EXERCISE INSTRUCTIONS:
An exact copy of every entry is the answer here, with no pictures.

Source data
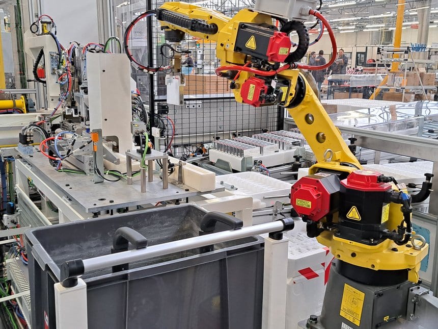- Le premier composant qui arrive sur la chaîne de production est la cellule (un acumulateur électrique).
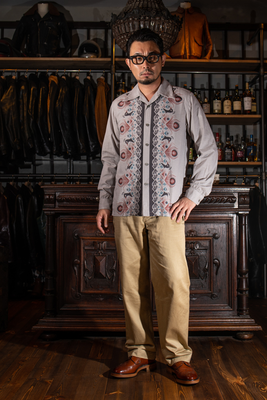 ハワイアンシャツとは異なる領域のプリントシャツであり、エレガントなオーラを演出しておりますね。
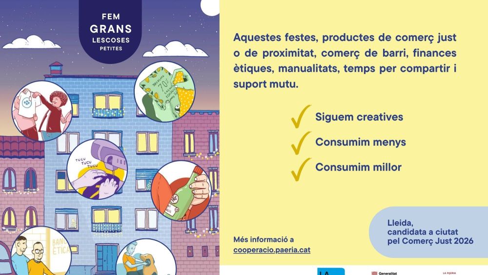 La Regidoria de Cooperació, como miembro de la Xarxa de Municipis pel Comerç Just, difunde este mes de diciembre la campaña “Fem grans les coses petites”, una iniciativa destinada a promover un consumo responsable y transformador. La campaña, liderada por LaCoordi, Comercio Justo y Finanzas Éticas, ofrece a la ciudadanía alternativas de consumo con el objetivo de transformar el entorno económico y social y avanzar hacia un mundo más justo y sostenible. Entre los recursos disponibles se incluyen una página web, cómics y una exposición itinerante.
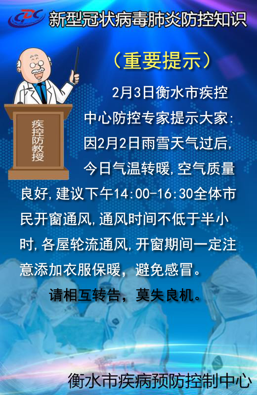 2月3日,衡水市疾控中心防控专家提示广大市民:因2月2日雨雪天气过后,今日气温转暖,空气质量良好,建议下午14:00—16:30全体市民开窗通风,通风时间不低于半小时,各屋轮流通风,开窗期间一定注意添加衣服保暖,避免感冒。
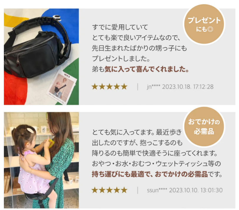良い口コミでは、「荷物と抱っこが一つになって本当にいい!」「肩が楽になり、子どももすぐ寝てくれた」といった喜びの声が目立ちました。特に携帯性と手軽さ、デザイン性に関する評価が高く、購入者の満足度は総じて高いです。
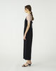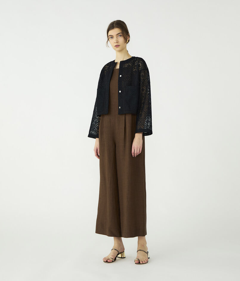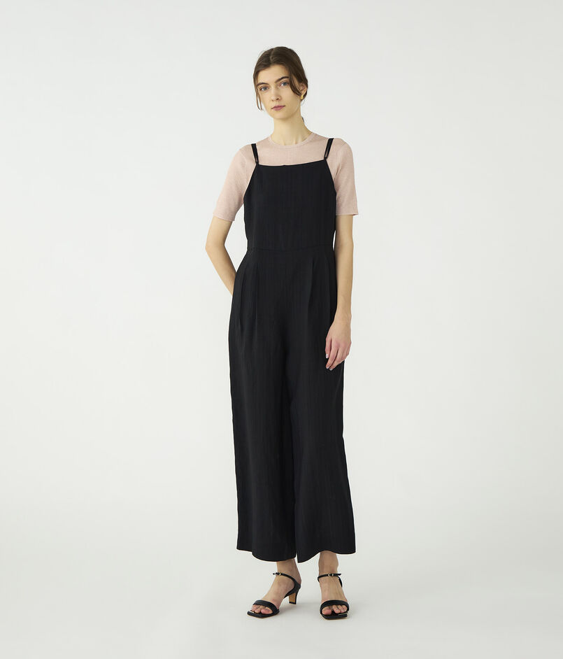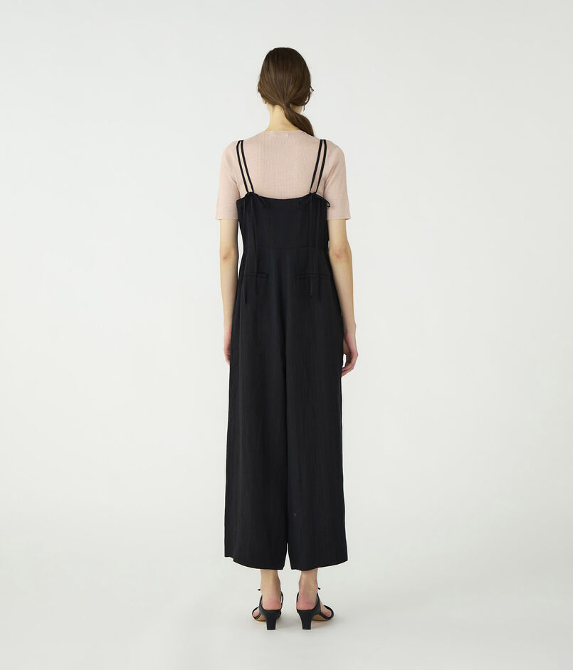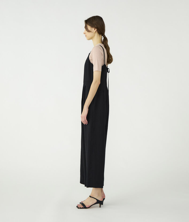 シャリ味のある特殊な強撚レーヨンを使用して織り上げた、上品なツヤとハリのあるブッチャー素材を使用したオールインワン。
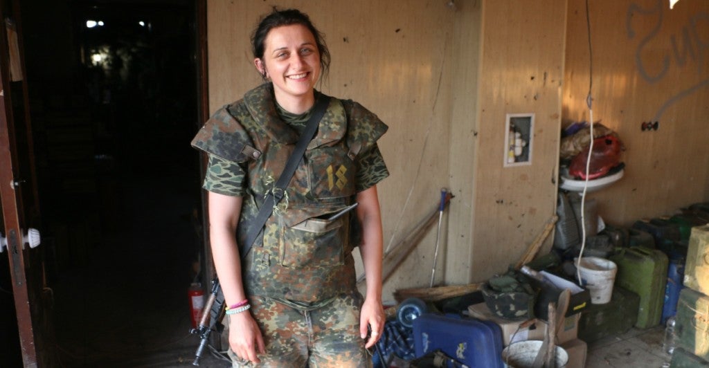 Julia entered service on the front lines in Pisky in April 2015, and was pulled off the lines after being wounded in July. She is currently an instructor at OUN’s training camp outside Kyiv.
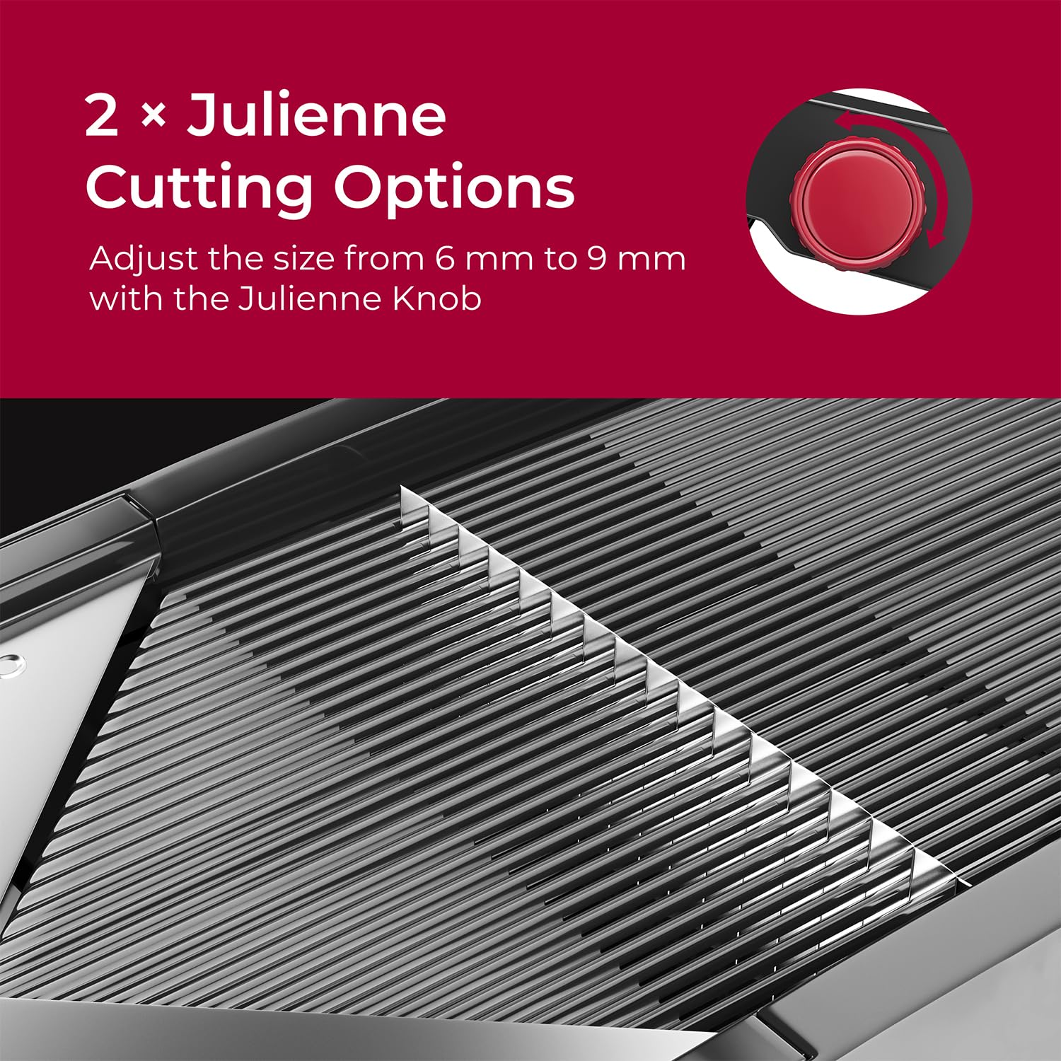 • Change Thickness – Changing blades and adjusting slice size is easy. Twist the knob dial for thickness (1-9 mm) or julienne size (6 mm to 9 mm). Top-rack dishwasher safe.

REPLY TO THE TASK:
- Le premier composant qui arrive sur la chaîne de production est la cellule (un acumulateur électrique).
 ハワイアンシャツとは異なる領域のプリントシャツであり、エレガントなオーラを演出しておりますね。
 La Regidoria de Cooperació, como miembro de la Xarxa de Municipis pel Comerç Just, difunde este mes de diciembre la campaña “Fem grans les coses petites”, una iniciativa destinada a promover un consumo responsable y transformador. La campaña, liderada por LaCoordi, Comercio Justo y Finanzas Éticas, ofrece a la ciudadanía alternativas de consumo con el objetivo de transformar el entorno económico y social y avanzar hacia un mundo más justo y sostenible. Entre los recursos disponibles se incluyen una página web, cómics y una exposición itinerante.
 2月3日,衡水市疾控中心防控专家提示广大市民:因2月2日雨雪天气过后,今日气温转暖,空气质量良好,建议下午14:00—16:30全体市民开窗通风,通风时间不低于半小时,各屋轮流通风,开窗期间一定注意添加衣服保暖,避免感冒。
良い口コミでは、「荷物と抱っこが一つになって本当にいい!」「肩が楽になり、子どももすぐ寝てくれた」といった喜びの声が目立ちました。特に携帯性と手軽さ、デザイン性に関する評価が高く、購入者の満足度は総じて高いです。
 シャリ味のある特殊な強撚レーヨンを使用して織り上げた、上品なツヤとハリのあるブッチャー素材を使用したオールインワン。
 Julia entered service on the front lines in Pisky in April 2015, and was pulled off the lines after being wounded in July. She is currently an instructor at OUN’s training camp outside Kyiv.
 • Change Thickness – Changing blades and adjusting slice size is easy. Twist the knob dial for thickness (1-9 mm) or julienne size (6 mm to 9 mm). Top-rack dishwasher safe.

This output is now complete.